■ Exercise prompt
Only the lines from the one with "Once again, Jersey" through the last line of the material below belong in the answer, copied exactly and without pictures.
————
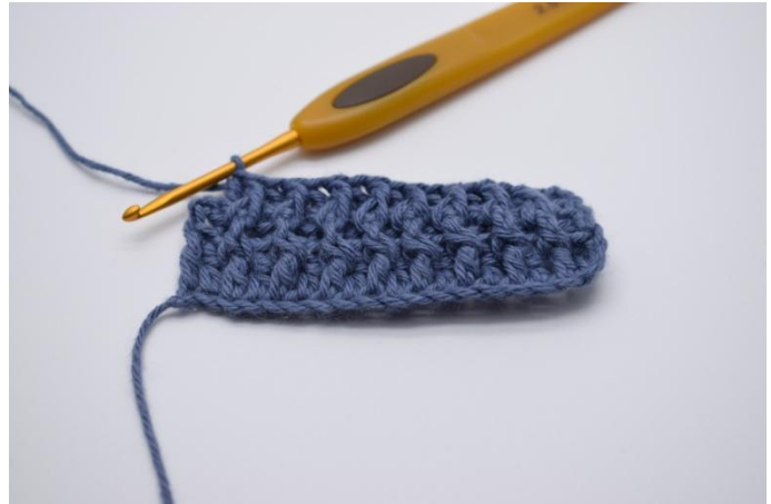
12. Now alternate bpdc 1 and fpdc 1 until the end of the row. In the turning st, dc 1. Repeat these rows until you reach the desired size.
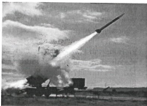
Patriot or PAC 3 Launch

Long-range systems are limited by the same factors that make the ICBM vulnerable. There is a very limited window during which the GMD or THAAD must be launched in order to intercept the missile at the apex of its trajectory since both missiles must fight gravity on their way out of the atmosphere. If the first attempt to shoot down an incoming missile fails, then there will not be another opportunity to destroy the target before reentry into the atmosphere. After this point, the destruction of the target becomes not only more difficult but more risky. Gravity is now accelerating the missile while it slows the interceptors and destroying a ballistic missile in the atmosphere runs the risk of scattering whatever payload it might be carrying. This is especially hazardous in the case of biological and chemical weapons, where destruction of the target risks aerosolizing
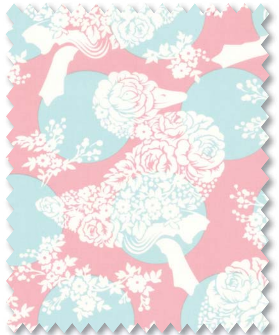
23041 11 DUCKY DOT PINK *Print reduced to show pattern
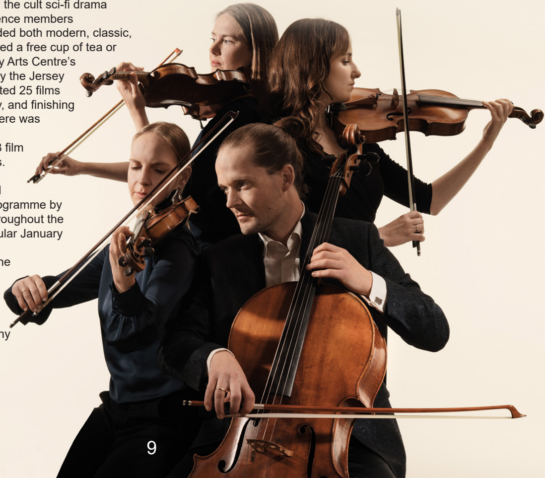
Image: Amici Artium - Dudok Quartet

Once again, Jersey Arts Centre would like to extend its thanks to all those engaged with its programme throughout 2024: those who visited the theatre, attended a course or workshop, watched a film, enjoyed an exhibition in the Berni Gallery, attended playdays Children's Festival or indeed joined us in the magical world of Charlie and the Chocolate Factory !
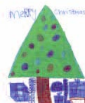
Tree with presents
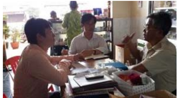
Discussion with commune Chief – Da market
————
■ Response for this exercise
Once again, Jersey Arts Centre would like to extend its thanks to all those engaged with its programme throughout 2024: those who visited the theatre, attended a course or workshop, watched a film, enjoyed an exhibition in the Berni Gallery, attended playdays Children's Festival or indeed joined us in the magical world of Charlie and the Chocolate Factory !
Tree with presents
Discussion with commune Chief – Da market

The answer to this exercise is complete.